> WHAT TO PRODUCE: Go through the data and copy every line in which "clean" appears.

> Items listed in a dataset:
· · · · · · ·

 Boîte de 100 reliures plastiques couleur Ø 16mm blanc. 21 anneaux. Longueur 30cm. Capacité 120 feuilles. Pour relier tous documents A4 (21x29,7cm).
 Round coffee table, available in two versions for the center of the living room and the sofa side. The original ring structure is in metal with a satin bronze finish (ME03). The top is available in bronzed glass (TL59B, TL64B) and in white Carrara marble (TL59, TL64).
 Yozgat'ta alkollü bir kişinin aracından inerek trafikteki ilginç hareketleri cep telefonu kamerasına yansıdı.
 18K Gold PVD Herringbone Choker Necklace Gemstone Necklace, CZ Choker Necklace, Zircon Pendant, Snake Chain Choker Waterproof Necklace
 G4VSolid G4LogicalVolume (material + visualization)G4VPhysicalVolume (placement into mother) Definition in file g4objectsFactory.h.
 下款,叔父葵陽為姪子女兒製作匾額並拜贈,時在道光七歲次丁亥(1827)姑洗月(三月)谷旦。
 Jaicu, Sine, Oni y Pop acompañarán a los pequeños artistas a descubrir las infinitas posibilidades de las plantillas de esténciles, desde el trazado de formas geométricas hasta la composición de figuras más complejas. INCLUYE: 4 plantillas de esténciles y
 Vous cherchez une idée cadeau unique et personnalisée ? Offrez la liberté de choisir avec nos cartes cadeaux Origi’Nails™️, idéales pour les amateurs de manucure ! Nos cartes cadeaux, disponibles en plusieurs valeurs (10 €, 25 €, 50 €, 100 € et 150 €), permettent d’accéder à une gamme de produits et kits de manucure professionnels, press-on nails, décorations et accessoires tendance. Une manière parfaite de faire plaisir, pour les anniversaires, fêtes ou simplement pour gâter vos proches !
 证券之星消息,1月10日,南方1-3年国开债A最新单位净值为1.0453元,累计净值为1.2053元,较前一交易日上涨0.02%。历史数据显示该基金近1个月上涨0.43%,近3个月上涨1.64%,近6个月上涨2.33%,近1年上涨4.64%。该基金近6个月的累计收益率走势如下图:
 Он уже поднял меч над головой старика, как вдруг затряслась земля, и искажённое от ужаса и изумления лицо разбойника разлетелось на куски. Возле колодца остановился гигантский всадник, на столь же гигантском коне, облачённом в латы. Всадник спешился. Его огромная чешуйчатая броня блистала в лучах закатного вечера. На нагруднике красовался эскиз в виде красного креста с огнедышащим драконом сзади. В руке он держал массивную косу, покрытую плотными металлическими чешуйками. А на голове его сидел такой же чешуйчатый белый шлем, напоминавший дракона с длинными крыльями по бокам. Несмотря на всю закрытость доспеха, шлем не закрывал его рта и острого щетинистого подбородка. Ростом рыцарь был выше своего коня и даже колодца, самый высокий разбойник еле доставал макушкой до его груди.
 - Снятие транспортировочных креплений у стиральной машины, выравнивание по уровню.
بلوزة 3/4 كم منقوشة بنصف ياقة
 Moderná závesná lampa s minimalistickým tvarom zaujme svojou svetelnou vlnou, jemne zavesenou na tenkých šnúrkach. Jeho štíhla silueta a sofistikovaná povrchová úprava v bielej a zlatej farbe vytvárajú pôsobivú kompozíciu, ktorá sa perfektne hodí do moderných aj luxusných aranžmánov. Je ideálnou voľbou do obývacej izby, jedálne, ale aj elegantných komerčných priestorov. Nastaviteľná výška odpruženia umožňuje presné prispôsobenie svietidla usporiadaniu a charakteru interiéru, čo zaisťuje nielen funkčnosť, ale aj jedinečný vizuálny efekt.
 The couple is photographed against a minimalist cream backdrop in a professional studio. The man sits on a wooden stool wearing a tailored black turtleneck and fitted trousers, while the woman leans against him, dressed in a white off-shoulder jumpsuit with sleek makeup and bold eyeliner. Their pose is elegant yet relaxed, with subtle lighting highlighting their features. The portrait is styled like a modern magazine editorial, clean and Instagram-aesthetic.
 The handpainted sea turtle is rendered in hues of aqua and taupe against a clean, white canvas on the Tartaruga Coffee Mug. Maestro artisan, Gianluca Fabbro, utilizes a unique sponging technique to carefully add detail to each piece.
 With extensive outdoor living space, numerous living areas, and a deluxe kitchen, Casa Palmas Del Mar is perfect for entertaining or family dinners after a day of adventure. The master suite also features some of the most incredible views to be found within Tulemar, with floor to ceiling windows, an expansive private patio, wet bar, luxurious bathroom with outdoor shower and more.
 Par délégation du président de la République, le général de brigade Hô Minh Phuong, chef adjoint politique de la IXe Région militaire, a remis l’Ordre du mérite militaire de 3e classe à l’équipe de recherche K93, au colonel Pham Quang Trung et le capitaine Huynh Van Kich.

· · · · · · ·

> ANSWER BELOW:
 The couple is photographed against a minimalist cream backdrop in a professional studio. The man sits on a wooden stool wearing a tailored black turtleneck and fitted trousers, while the woman leans against him, dressed in a white off-shoulder jumpsuit with sleek makeup and bold eyeliner. Their pose is elegant yet relaxed, with subtle lighting highlighting their features. The portrait is styled like a modern magazine editorial, clean and Instagram-aesthetic.
 The handpainted sea turtle is rendered in hues of aqua and taupe against a clean, white canvas on the Tartaruga Coffee Mug. Maestro artisan, Gianluca Fabbro, utilizes a unique sponging technique to carefully add detail to each piece.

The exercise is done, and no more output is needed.